Kanana roused himself and sent the stones flying from his sling till there was not a bird in sight. Then he sank into deep thought once more; with his head resting upon his hands he became oblivious to everything.

Suddenly he was roused by the sound of horses' hoofs upon the sandy soil, a sharp rustling in the drying grain. He looked up, as thoroughly startled as though he had been sleeping, to see approaching him the one person than whom he would rather that any or all of the tribe of Beni Sad should find him negligent at his post of duty.

It was his father.

"Oh, Kanana! oh, Kanana!" cried the old man, angrily. "Thou son of my old age, why didst thou come into the world to curse me? When thou shakest the cream, the butter is spoiled. When thou tendest the sheep, they are stolen! When thou watchest the grain, it is eaten before thy face! What shall a father do with a son who will neither lift his hand among men nor bear a part with women? And now, when all the miseries of life have taken hold upon me and the floods cover me, thou sittest at thine ease to mock me!"

Kanana sprang down from his perch. Kneeling, he touched his forehead to the ground.

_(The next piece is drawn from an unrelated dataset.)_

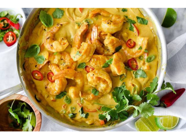 Camarones Coco Curry con arroz GRATIS

"My father, slay me and I will take it as a mercy from thy hand. Or, as I am fit for nothing here, bid me go, and among strangers I will beg. But thou shalt not, my father, speak of me as ungrateful, unfilial. I know of no flood of sorrow that has come down upon thee."

"Thou knowest not what they all know?" exclaimed the old man fiercely.

"I know of nothing, my father. Since I came into the field, three weeks ago, no one has spoken to me but to chide me."

"Then know now," replied the sheik reproachfully, "that of thy two brave brothers who went with the last caravan, one has returned, wounded and helpless, and the other, for an old cause of blood between our tribes, has been made a prisoner by Raschid Airikat. The whole caravan, with the white camel at its head, Raschid has taken, and he has turned with it toward Damascus."

"Thy part of the caravan was very small, my father," said Kanana. "Only four of the camels were thine, and but for the white camel they were all very old. Their burdens, too, saving my brothers, were only honey and clay-dust, of little value."

This was the simple truth, and evinced at least a very practical side to Kanana's mind; but it was not the kind of sympathy which the sheik desired, and his anger burst out afresh against Kanana.

"Ay, thou tender of flocks, and sleeper!" he cried. "Wouldst thou teach me the value of camels and merchandise to comfort me? And hast thou fixed the price of ransom which Airikat will demand, or slay thy brother? And hast thou reckoned up the value of the white camel which could not be bought for gold, as it brought to thy father and thy father's father all their abundance of good? Answer me, if thou art so wise. Oh, that I had a son remaining who could lift a lance against this Airikat as bravely as he hurls his empty words at an old father!"

"My father," said Kanana earnestly, "give me a horse, a sack of grain, a skin of water, and I will follow after Raschid Airikat. I will not slay him, but, by the help of Allah, I will bring back to thee thy white camel with my brother seated upon his back."

The old sheik made a gesture of derision: "Thou wisp of flax before a fire! Thou reed before a whirlwind! Get thee back to thy perch and thy birds, and see if thou canst keep awake till sundown. Harvesting will begin with the daylight to-morrow. See that thou workest then."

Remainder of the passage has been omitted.